Exhibit 4.2
                                                                    -----------

                  CONSENT ACTION OF THE BOARD OF DIRECTORS OF
                             GLOBAL E TUTOR, INC.,
                            a Delaware corporation

         The undersigned, representing all the members of the Board of Directors
of Global E Tutor, Inc., a Delaware corporation (the "Company") do hereby
consent to and adopt the following resolutions, effective September 12, 2000.

                      Appointment to the Board of Directors
                      -------------------------------------

         WHEREAS, the Board of Directors of the Company desires to appoint
members to fill certain vacancies;

         NOW, THEREFOR, BET IT RESOLVED, that the Board of Directors hereby
appoints William Cole Smith as a member of the Board of Directors of the Company
to serve until such time as he may resign, is removed or a replacement is
elected; and

               Appointment of the Acting Chief Technology Officer
               --------------------------------------------------

         WHEREAS, the Board of Directors of the Company has considered the
experience, talents, commitment and suitability of Mr. William Cole Smith and
decided that Mr. Smith is well qualified to serve as Acting Chief Technology
Officer of the Company.

         NOW, THEREFORE, BE IT RESOLVED, that the Board of Directors of the
Company hereby appoints Cole Smith to be Acting Chief Technology Officer to
serve until such time as he may resign, is removed or a replacement is
appointed;

                               Stock Option Grants
                               -------------------

         WHEREAS, the Board of Directors wishes to motivate and create
incentives to employees, directors, and consultants to increase the value of the
Company; and

         WHEREAS, the Board of Directors wishes to make certain grants to
William Cole Smith in connection with his appointment as a Director.
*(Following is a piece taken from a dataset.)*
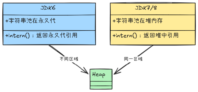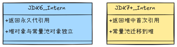 intern()返回值 | 永久代对象引用 | 堆中首次出现对象引用 |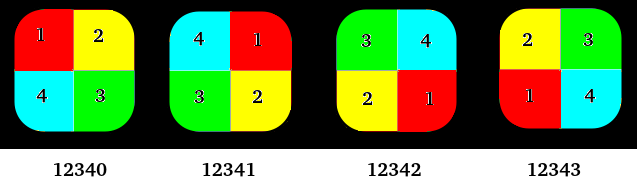 Figuur 1. Alle draaiingen van de tegel "1234". Als een speler aan de beurt is krijgt hij van de jurysoftware een gegenereerde tegel aangeboden met de vier cijfers 1,2,3,4 in willekeurige volgorde. Die leest hij in van standard input. Het eerste cijfer geeft de kleur linksboven aan voor de ongedraaide tegel, daarna ga je met de klok mee voor de andere kleuren. De speler mag zelf de draaiing van de tegel bepalen en doet dit door een cijfer 0, 1, 2 of 3 achter de tegel te plakken. Het begin van het spelBeide spelers ontvangen eerst van standard input hun geheime kleur. Er wordt een starttegel gegenereerd, die in het midden van het bord wordt geplaatst. De cel linksboven van de starttegel komt dan op plek Ff. Zie figuur 2 tegel "42130". De volgorde van de kleuren in dit voorbeeld is 4123, deze cijfers worden geplaatst met de wijzers van de klok mee, te beginnen met de 4 op positie Ff. De laatste 0 geeft aan dat de tegel niet is gedraaid. Vervolgens lees je opnieuw een regel van standard input. Als op die regel het woord "Start" staat speel je als speler 1, anders bevat de regel de eerste zet van speler 1 en speel jij daarna als speler 2. Een zet doenDe speler moet de tegel op het bord plaatsen. Er mag een overlap zijn met al geplaatste tegels van maximaal 1 cel. De kleur van de laatst geplaatste tegel geldt; het kan daarom zijn dat een al eerder gevormd vierkant verdwijnt omdat een hoekpunt een andere kleur krijgt. Als er geen overlap is, moet de tegel ergens worden aangesloten op de reeds geplaatste tegels. Minstens één van de cellen van de nieuw geplaatste tegel moet zich naast een andere gevulde cel van de groep tegels bevinden, horizontaal of verticaal. De startspeler ontvangt na het woord "Start" een nieuw gegenereerde tegel. Het is aan de speler hoe hij deze op de bestaande tegel aansluit. Hij heeft in de beginsituatie in totaal 64 opties om dit te doen; ga dat zelf na. Je programma heeft in totaal 30 seconden voor een spel. De tijd dat de tegenstander denkt telt daarbij niet mee. In figuur 2 is de gegenereerde eerste tegel "4213" ongedraaid op Ff geplaatst. Speler 1 ontving tegel "4132" die hij ongedraaid op Eg heeft geplaatst. Dat geeft speler 1 aan door op standard output de regel "Eg0" uit te voeren. Speler 2 krijgt dit te lezen als "Eg41320". Vervolgens werd de tegel "1423" aan de tweede speler gegeven en plaatste hij deze als "Di14231". Zo gaat dat verder.

         NOW, THEREFORE, BE IT RESOLVED, that the Board of Directors does hereby
approve the issuance of the Incentive Stock Options ("ISO's") and Non-Qualified
Stock Options ("NQSO's") to the employees, directors, and consultants of the
Corporation at an exercise price of $1.00 per share as indicated on Exhibit A
                                                                    ---------
hereto.

         FURTHER RESOLVED, that any act taken or deed done by any director,
officer or agent of the Company in accordance with any of the above resolutions
or to facilitate the actions contemplated by the resolutions is hereby approved,
ratified, confirmed and adopted; and that the directors, officers, and agents of
the Company are authorized to take and do such further acts and deeds, and to
execute and deliver, for and in the name of the Company,



such other documents, papers, and instruments as they deem to be necessary,
appropriate, advisable or required in order to effectuate the purpose and intent
of the resolutions and to consummate the actions contemplated by the
resolutions, and the taking of any such acts and deeds, and the execution and
delivery of any such documents, papers and instruments are hereby approved,
ratified, confirmed and adopted;


               Effective September 12, 2000.
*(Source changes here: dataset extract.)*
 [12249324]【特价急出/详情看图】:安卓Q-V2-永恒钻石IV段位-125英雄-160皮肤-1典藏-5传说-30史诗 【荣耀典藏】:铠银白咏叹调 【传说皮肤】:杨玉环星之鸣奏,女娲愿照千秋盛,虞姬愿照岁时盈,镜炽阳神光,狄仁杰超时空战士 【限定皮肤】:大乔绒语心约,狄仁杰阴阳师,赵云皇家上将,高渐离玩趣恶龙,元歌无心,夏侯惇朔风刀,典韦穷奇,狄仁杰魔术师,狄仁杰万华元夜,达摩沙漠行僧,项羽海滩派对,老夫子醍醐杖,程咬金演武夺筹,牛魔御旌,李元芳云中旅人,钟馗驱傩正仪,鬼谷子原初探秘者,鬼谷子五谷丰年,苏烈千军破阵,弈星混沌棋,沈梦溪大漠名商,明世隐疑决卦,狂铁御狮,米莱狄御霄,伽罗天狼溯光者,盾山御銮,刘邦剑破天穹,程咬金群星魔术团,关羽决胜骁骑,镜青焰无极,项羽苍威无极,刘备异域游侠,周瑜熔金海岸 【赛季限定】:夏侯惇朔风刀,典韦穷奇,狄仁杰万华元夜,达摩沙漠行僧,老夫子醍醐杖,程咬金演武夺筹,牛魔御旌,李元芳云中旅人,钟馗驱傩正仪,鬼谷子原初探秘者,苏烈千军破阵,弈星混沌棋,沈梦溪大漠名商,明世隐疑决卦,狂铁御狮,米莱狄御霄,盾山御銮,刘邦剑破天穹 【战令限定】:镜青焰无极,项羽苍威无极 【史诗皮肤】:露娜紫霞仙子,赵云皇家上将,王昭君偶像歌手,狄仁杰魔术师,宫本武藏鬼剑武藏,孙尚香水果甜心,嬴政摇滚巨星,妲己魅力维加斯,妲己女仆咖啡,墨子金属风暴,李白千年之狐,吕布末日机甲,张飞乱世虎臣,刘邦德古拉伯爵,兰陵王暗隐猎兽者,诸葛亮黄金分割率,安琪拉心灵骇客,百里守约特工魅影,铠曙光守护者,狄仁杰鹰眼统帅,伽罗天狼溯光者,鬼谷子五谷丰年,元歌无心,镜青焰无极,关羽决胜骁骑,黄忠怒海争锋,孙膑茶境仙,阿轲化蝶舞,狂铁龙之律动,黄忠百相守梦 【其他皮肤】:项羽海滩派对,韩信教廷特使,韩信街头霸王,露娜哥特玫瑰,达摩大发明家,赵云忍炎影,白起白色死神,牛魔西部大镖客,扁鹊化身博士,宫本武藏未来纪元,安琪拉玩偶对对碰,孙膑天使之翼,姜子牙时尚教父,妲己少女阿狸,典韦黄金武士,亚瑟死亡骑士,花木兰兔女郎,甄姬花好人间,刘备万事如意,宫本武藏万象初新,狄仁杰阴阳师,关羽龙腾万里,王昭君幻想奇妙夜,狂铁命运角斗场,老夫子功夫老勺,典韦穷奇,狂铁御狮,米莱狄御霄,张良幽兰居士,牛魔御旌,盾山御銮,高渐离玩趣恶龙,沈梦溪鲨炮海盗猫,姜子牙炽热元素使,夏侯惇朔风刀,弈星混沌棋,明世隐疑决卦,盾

                                                     /s/ Jerry L. Barton
                                                     ------------------------
                                                     Jerry L. Barton

                                                     /s/ James W. Lewis
                                                     ------------------------
                                                     James W. Lewis

                                                     /s/ Thomas E. McMurrain
                                                     ------------------------
                                                     Thomas E. McMurrain

                                                     /s/ Claes Nobel
                                                     ------------------------
                                                     Claes Nobel



                                   Exhibit A
                                   ---------


                                              Type of       Number
Name                         Position         Option        of Shares      Vesting*      Plan**
- ----                         --------         ------        ---------      -------       ----
                                                                          
William Cole Smith           Director          NQSO          250,000         50%          SIP



*        Vesting is the designated percentage per year of uninterrupted service
         for the Company measured from the date of grant.

**       "SOP" means the Global E Tutor, Inc. Stock Option Plan. SIP means the
         Global E Tutor, Inc. 2000 Stock Incentive Plan.